PROBLEM REQUIREMENTS. Give all the lines below again, exactly, with no pictures.
===== GIVEN RECORDS
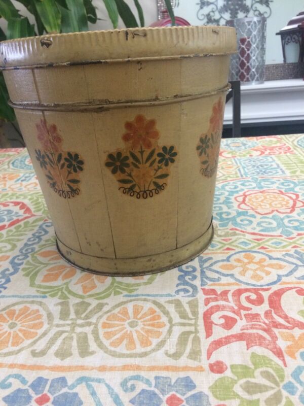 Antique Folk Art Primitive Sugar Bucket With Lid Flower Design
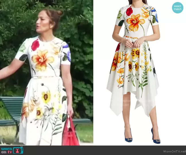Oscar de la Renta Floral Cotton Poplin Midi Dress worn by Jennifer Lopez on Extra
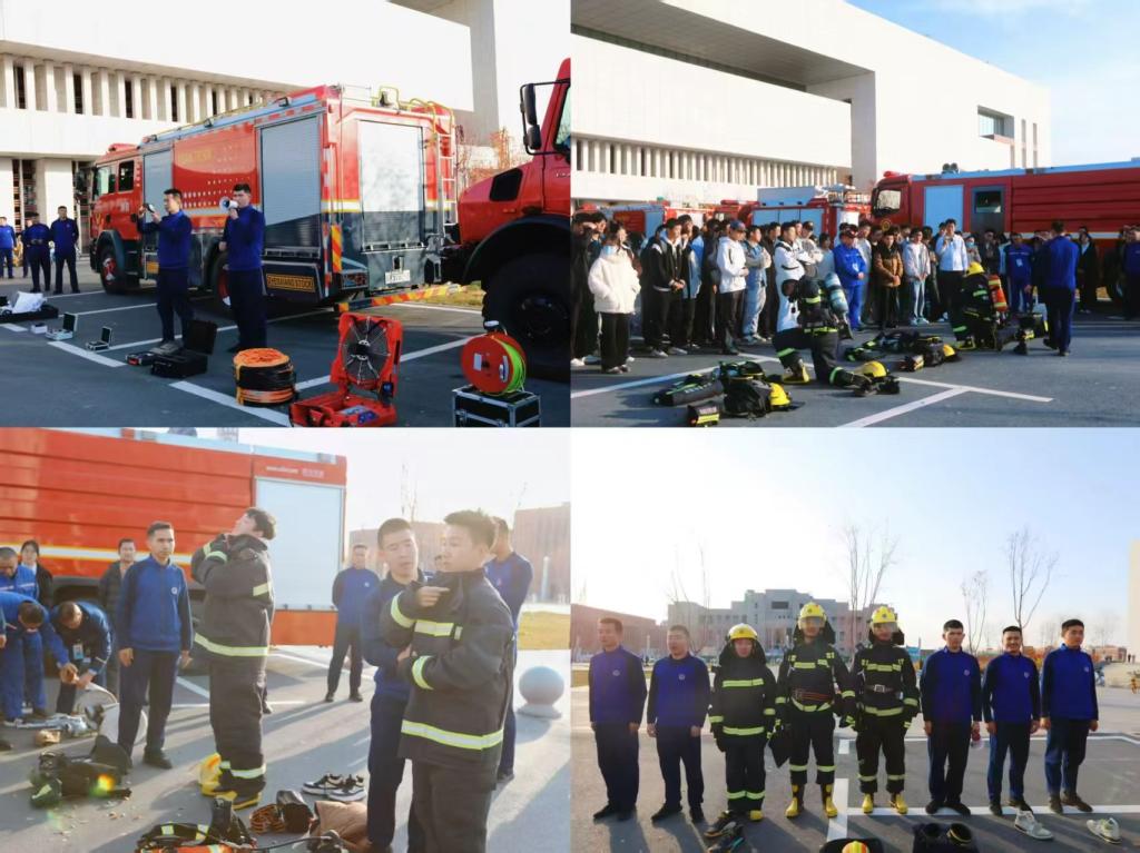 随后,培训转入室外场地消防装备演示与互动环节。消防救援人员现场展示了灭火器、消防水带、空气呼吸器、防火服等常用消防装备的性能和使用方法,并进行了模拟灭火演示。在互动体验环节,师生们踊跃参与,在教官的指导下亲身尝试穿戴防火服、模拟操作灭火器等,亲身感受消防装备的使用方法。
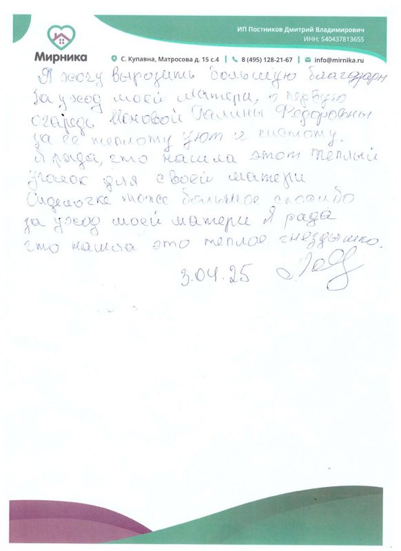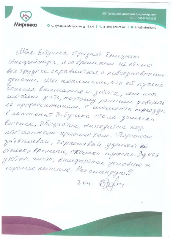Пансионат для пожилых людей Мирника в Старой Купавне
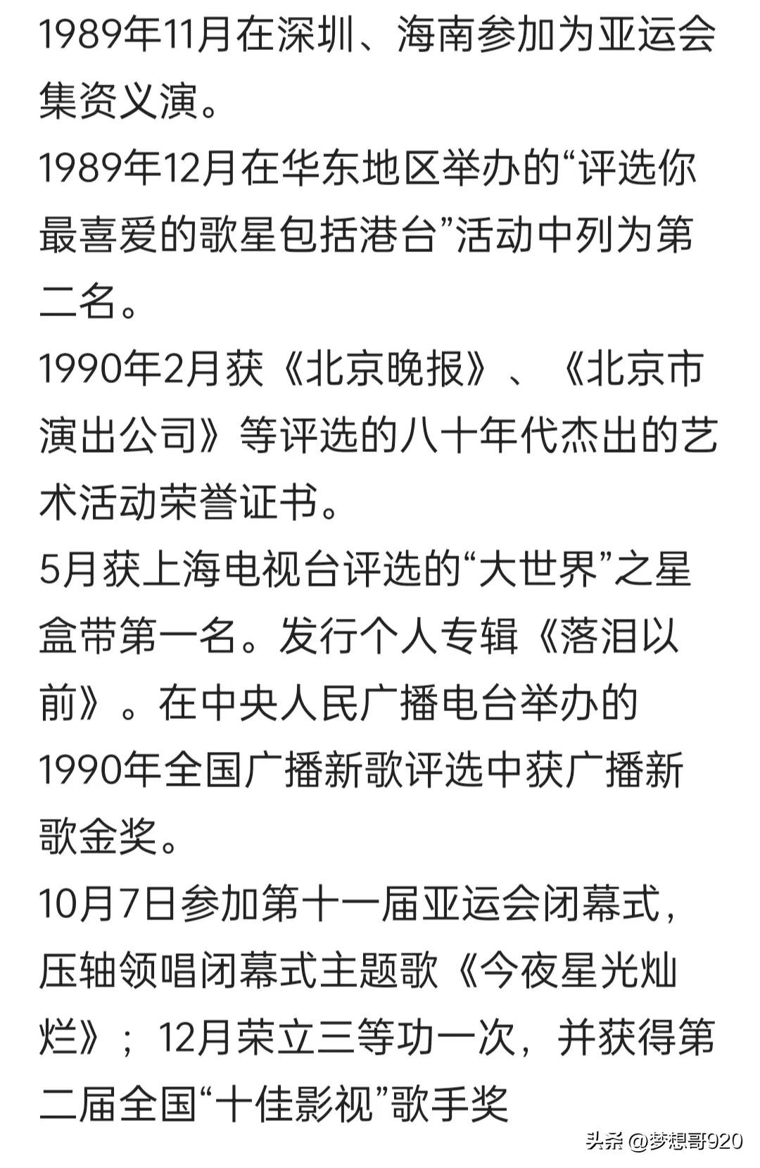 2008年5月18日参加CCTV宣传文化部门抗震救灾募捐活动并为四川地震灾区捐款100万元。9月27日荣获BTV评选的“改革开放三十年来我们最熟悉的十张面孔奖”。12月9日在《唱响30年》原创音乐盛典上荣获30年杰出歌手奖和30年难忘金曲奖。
==========
SOLUTION.
 Antique Folk Art Primitive Sugar Bucket With Lid Flower Design
Oscar de la Renta Floral Cotton Poplin Midi Dress worn by Jennifer Lopez on Extra
 随后,培训转入室外场地消防装备演示与互动环节。消防救援人员现场展示了灭火器、消防水带、空气呼吸器、防火服等常用消防装备的性能和使用方法,并进行了模拟灭火演示。在互动体验环节,师生们踊跃参与,在教官的指导下亲身尝试穿戴防火服、模拟操作灭火器等,亲身感受消防装备的使用方法。
Пансионат для пожилых людей Мирника в Старой Купавне
 2008年5月18日参加CCTV宣传文化部门抗震救灾募捐活动并为四川地震灾区捐款100万元。9月27日荣获BTV评选的“改革开放三十年来我们最熟悉的十张面孔奖”。12月9日在《唱响30年》原创音乐盛典上荣获30年杰出歌手奖和30年难忘金曲奖。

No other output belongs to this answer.